Wednesday, October 13, 2021

Biden hit with backlash over removal of Pentagon’s top nuclear policy official
By Joe Gould
The Biden administration's Nuclear Posture Review is due in early 2022.
 (Senior Airman Abbigayle Williams/U.S. Air Force)

WASHINGTON ― Lawmakers on both sides of nuclear weapons issues want answers after the lead Pentagon official overseeing the Nuclear Posture Review was ousted after nine months on the job and her position eliminated.

The Pentagon is saying the departure of Leonor Tomero, the former deputy assistant secretary of defense for nuclear and missile defense policy, was due to a reorganization. However, non-proliferation advocates are questioning whether it was because Tomero was an advocate for nuclear restraint, and worry it could bias the review away from President Joe Biden’s pursuit of arms control.

“Congress needs to understand whether ideology played any role in Ms. Tomero’s dismissal,” Sen. Ed Markey, D-Mass., a proponent of nuclear arms control and nonproliferation, wrote in a Sept. 24 letter to Biden that included nearly a dozen questions.

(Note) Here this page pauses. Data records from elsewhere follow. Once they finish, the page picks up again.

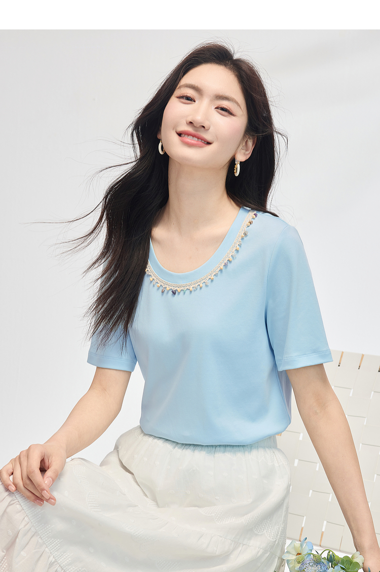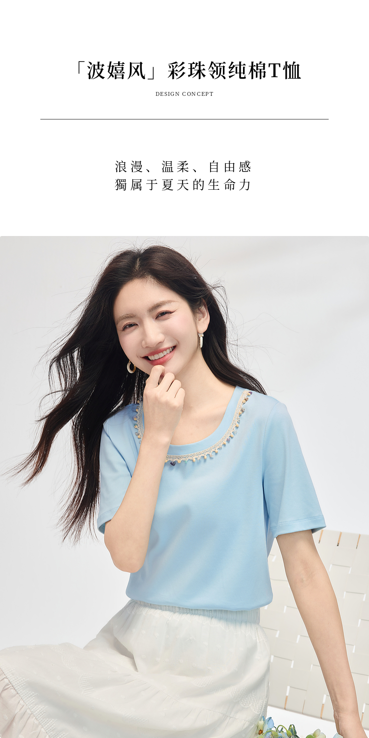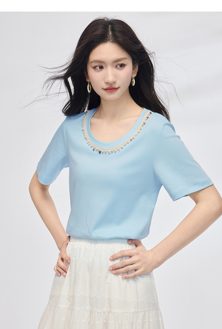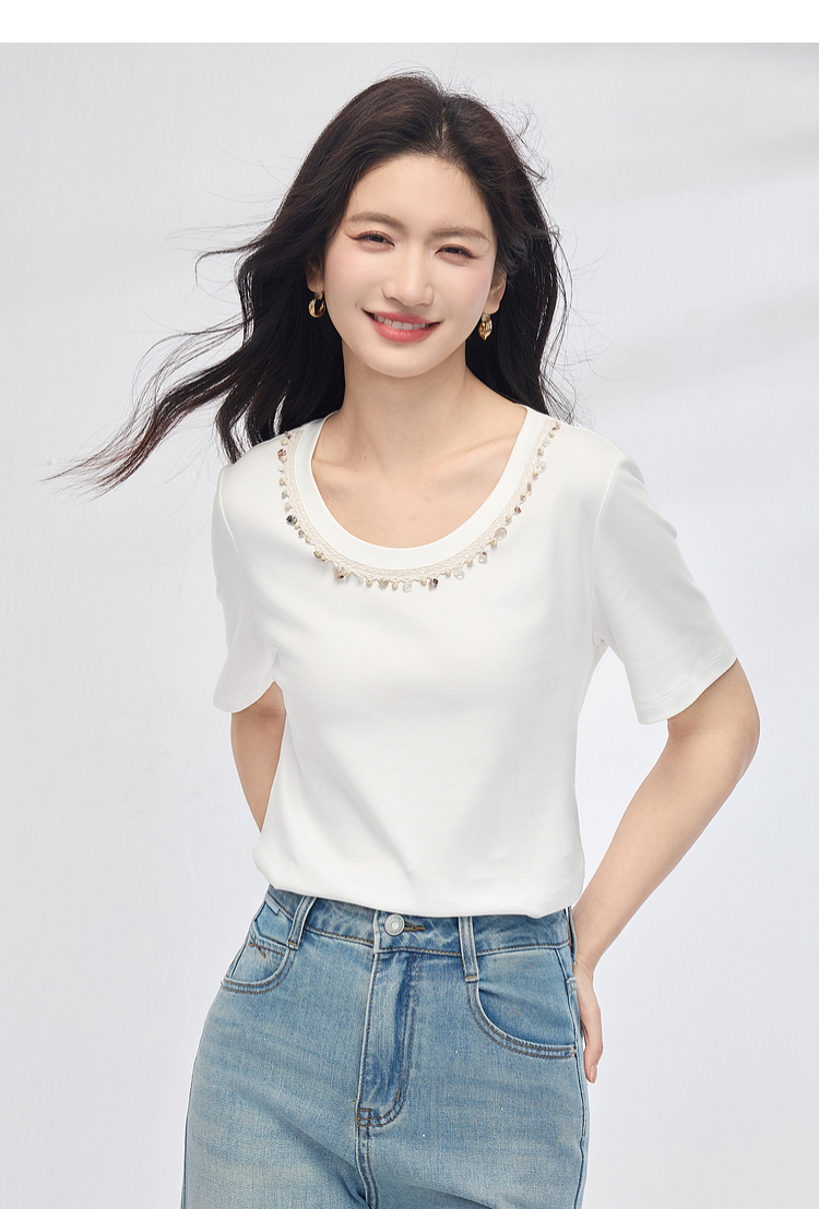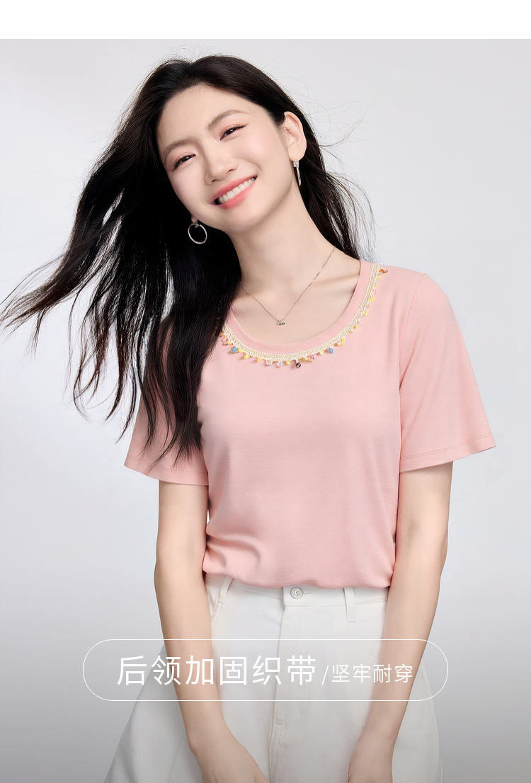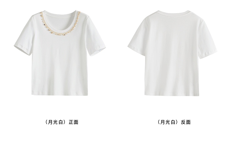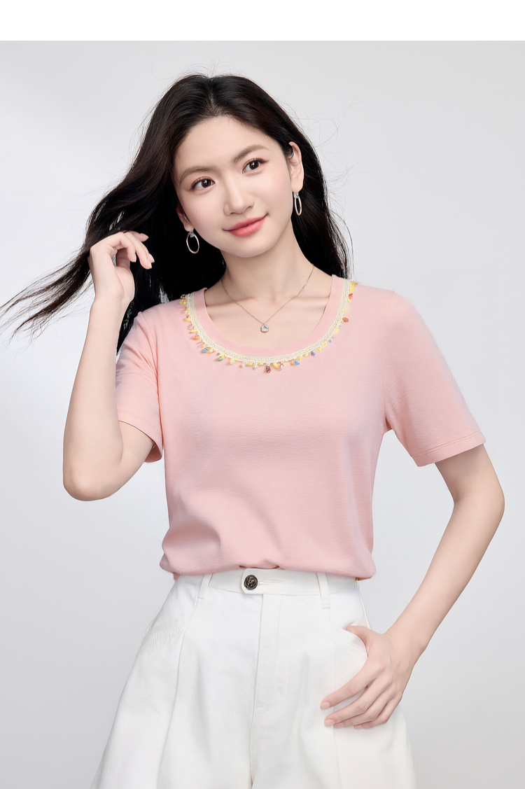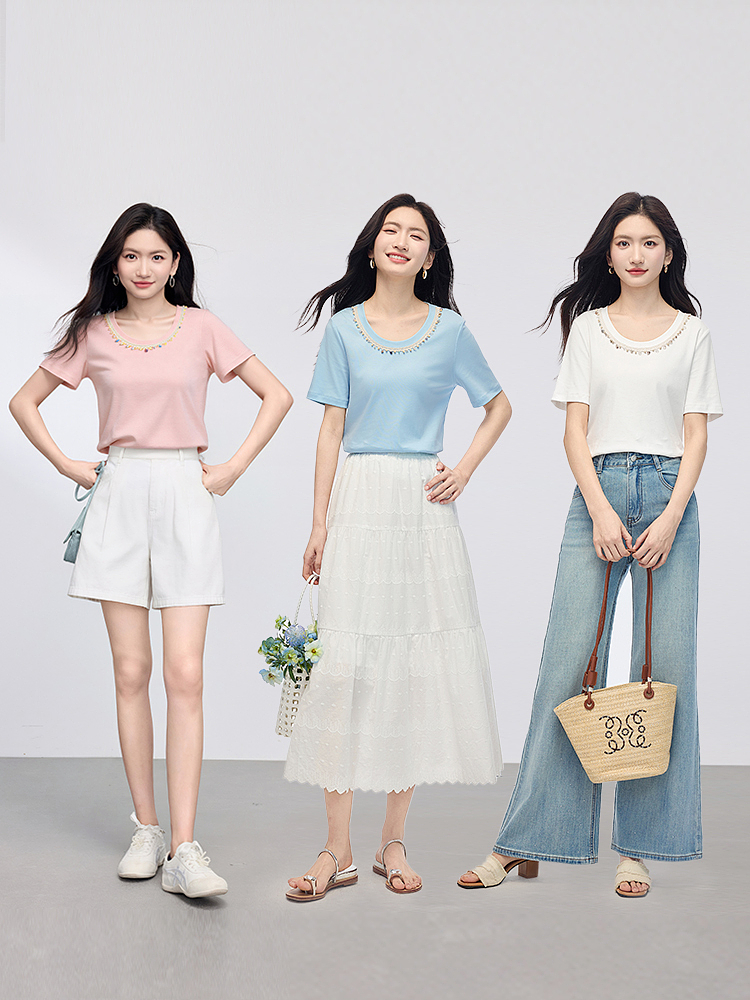 【五折购】熙世界彩珠圆领短袖T恤女设计感休闲百搭体恤棉上衣2025夏天新款
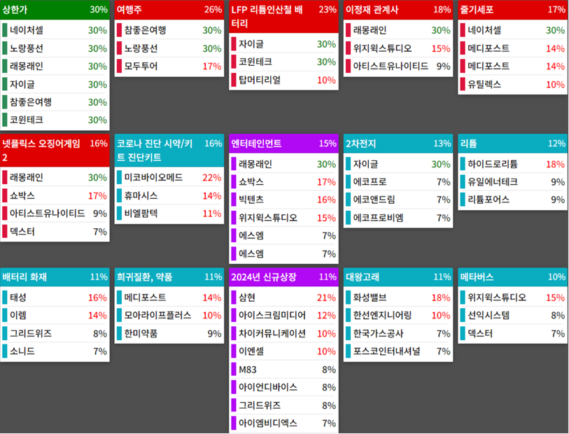 2024년 11월 04일(월) 테마에 따른 종목 상승
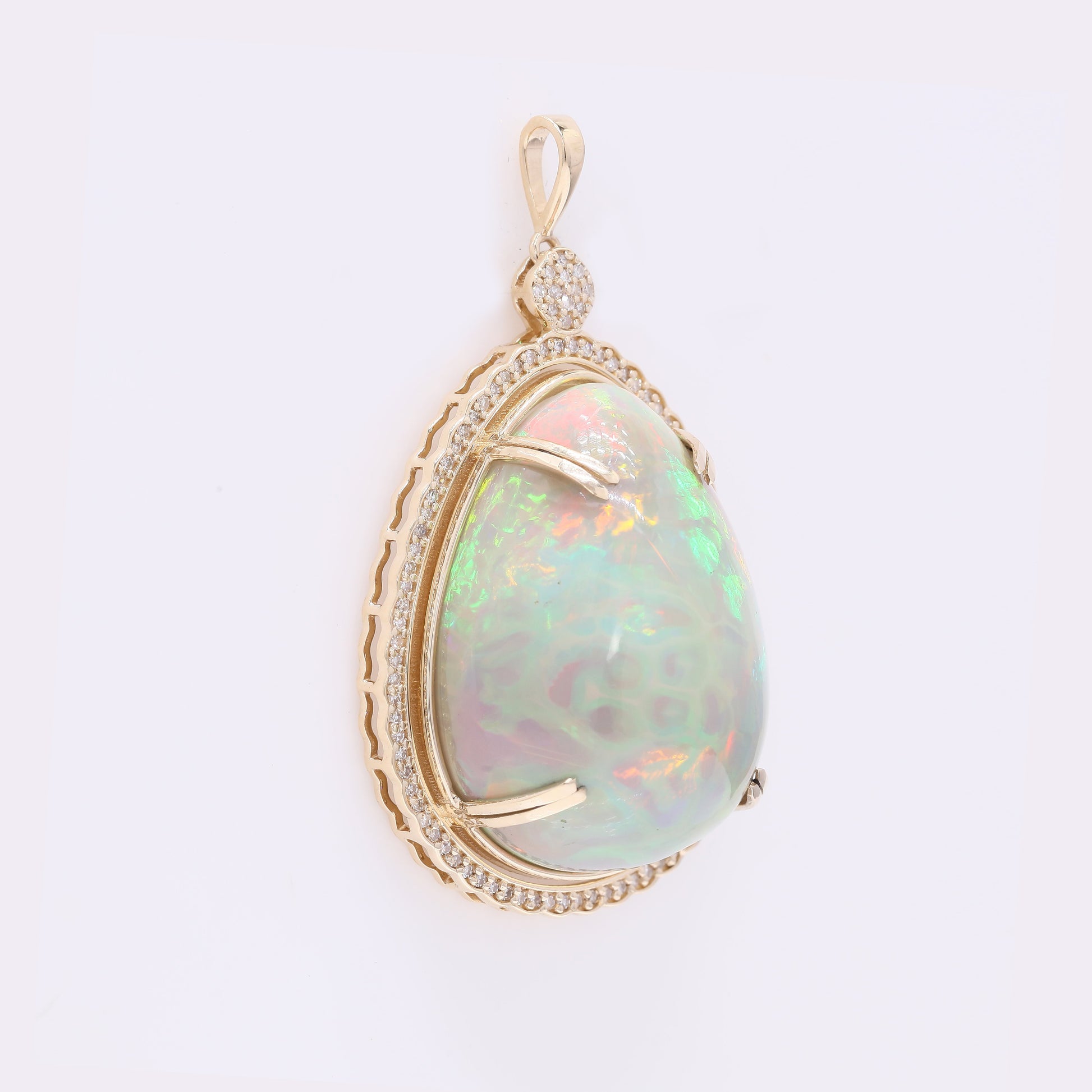 37.82 Ct Pear Cabochon Natural Opal 14K Gold Pendant

“I am also concerned that the sudden departure of a top appointee, charged with presenting you options on the future of the U.S. nuclear weapons enterprise, will result in a draft Nuclear Posture Review that reflects the Cold War era’s overreliance on nuclear weapons, rather than your lifetime of work championing policies that reduce nuclear weapons risks,” the senator added.

Politico broke the news last week that Tomero, who was leading reviews of nuclear weapons and missile defense policy, was leaving and that her responsibilities would be absorbed by the Pentagon’s new assistant secretary for space. Tomero’s former boss, Melissa Dalton, who is performing the duties of assistant secretary of defense for strategy, plans and capabilities, will lead the Nuclear Posture Review in Tomero’s place, Politico reported.

The deputy assistant secretary of defense for countering weapons of mass destruction, Richard Johnson, will soon assume the duties of the nuclear deterrence portfolio, in addition to his current role, Pentagon spokesman John Kirby said in a statement Monday. Kirby praised Tomero and seemed to suggest that her work with the Biden administration was not over.

“We are confident she will continue to contribute to U.S. national security in the administration, and we remain grateful for her service,” Kirby said.

The Nuclear Posture Review, due in early 2022, is expected to chart a definitive course for Biden amid competing pressures.

While on the campaign trail, Biden expressed a desire to reduce the role of nuclear weapons in U.S. strategy, and his website says their “sole purpose” is to deter and, if needed, retaliate against a nuclear attack. But there are heated divisions in Congress over the best response to Russian and Chinese nuclear behavior as well as the growing cost of the U.S. nuclear modernization program.


Leonor Tomero served as the deputy assistant secretary of defense for nuclear and missile defense. (U.S. Defense Department)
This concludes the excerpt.